> [Data block]:
• • •
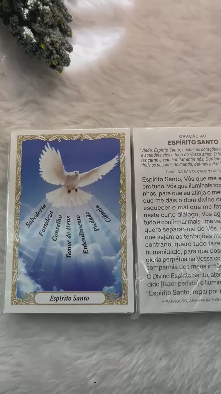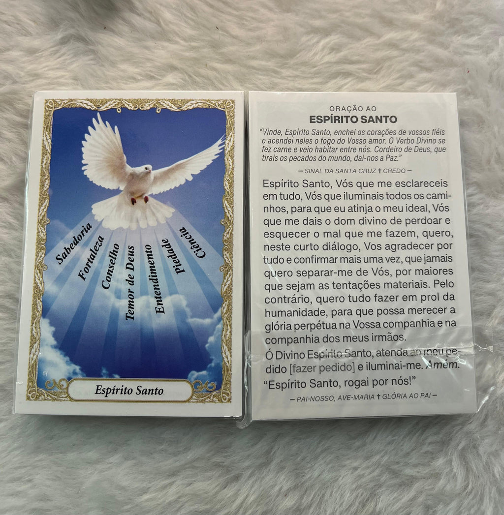 Deixe a fé e a proteção do Divino Espírito Santo estarem sempre com você com esse pacote de 100 santinhos de papel. Cada um contém uma poderosa oração ao Espírito Santo, proporcionando paz e proteção para a sua vida. Um símbolo de devoção e esperança em azul.
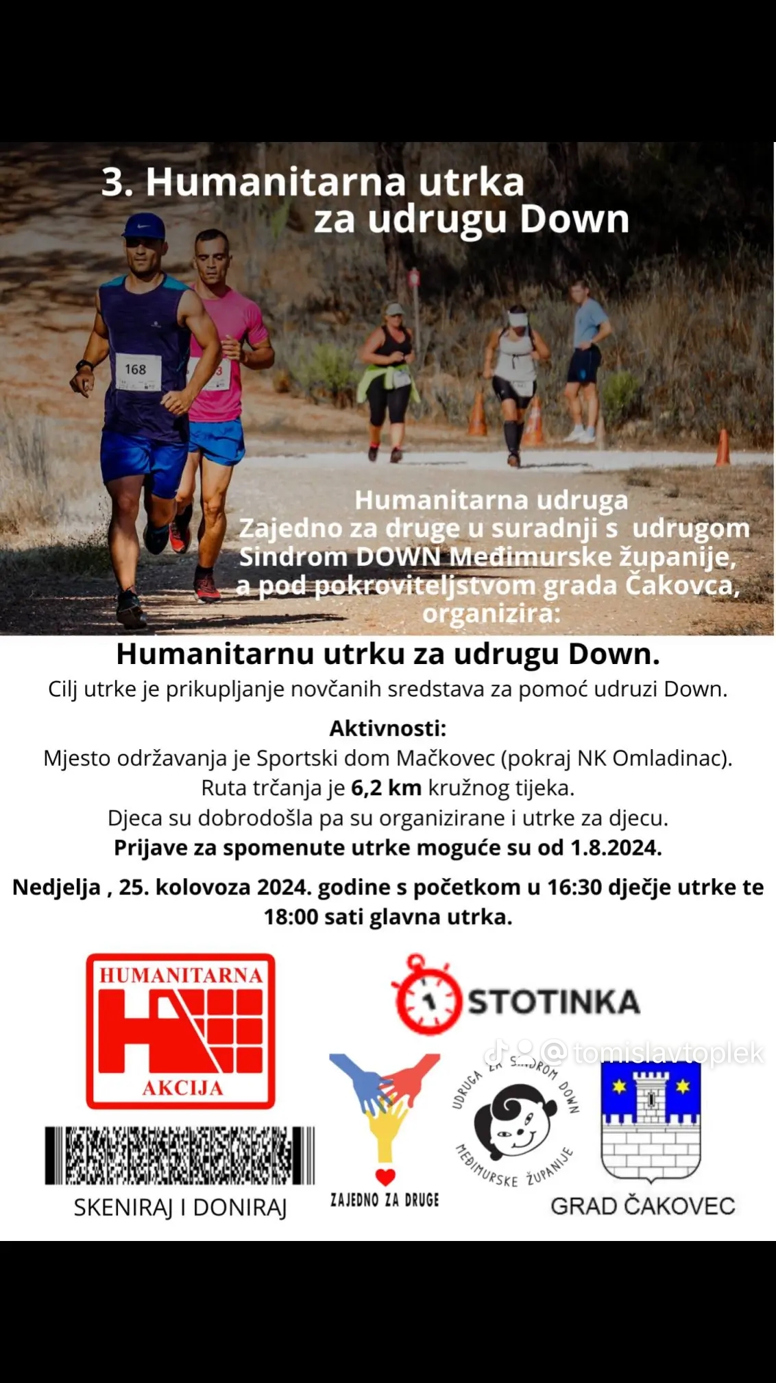 Humanitarna udruga Zajedno za druge u suradnji s udrugom Sindrom Down Međimurske županije organizira 25. kolovoza Humanitarnu utrku za udrugu Down. Mjesto održavanja je Sportski dom Mačkovec.
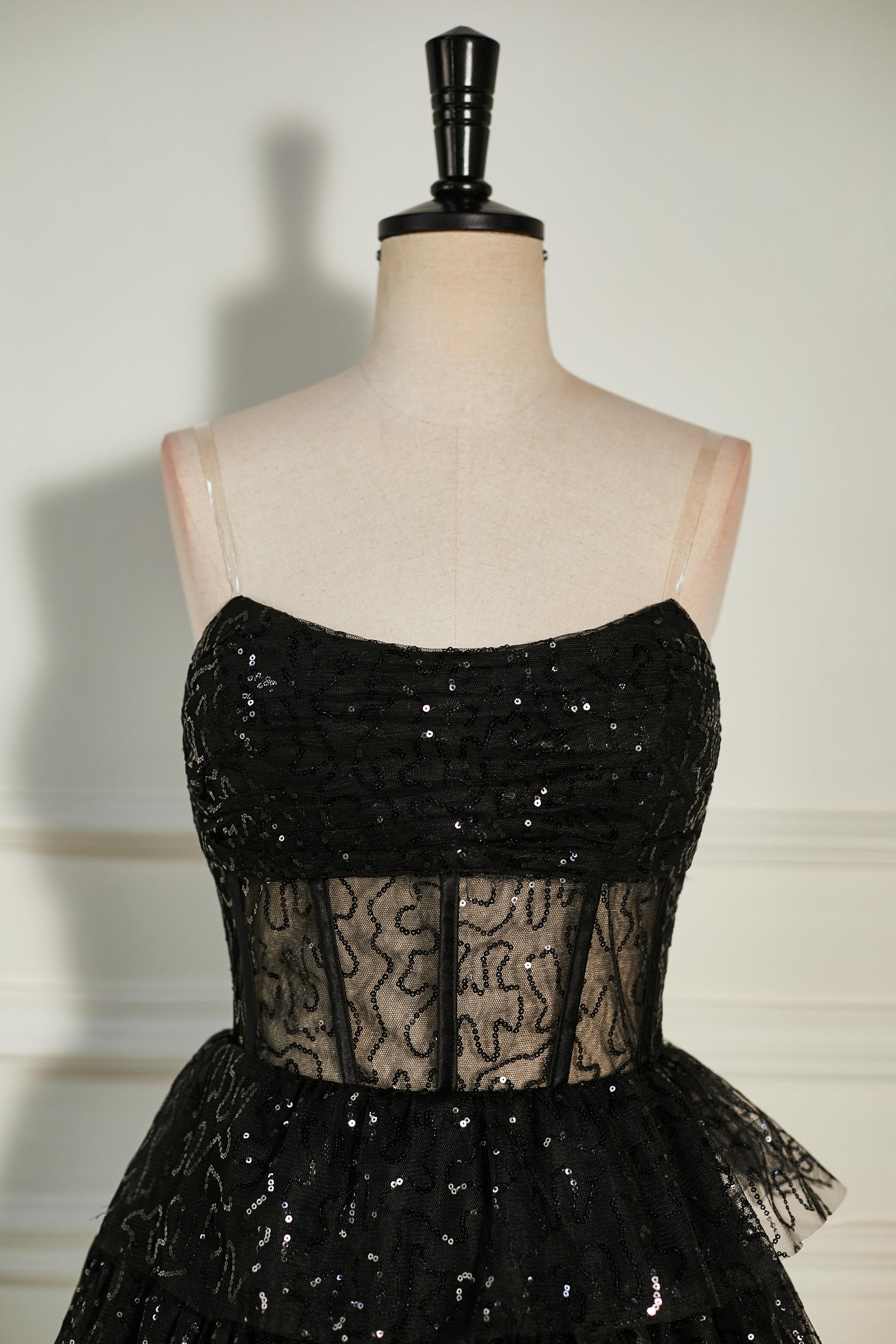 Black Sequined Strapless Multi-Layers Tulle Cocktail Dress
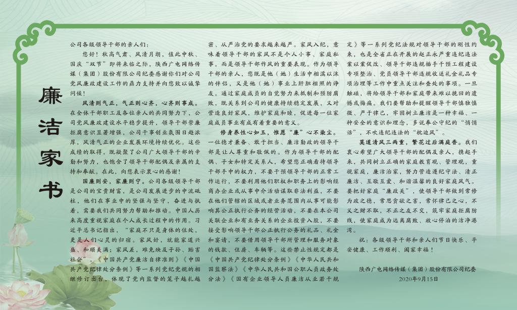 陕西广电融媒体集团陕西广电网络传媒(集团)股份有限公司纪委推出共读“廉洁家书”活动 助推廉洁文化建设
• • •
> [Directions]:
The lines from the one containing "Black Sequined Strapless" to the end of the material must be output exactly, both ends included; no picture may appear.

> [Written reply]:
 Black Sequined Strapless Multi-Layers Tulle Cocktail Dress
 陕西广电融媒体集团陕西广电网络传媒(集团)股份有限公司纪委推出共读“廉洁家书”活动 助推廉洁文化建设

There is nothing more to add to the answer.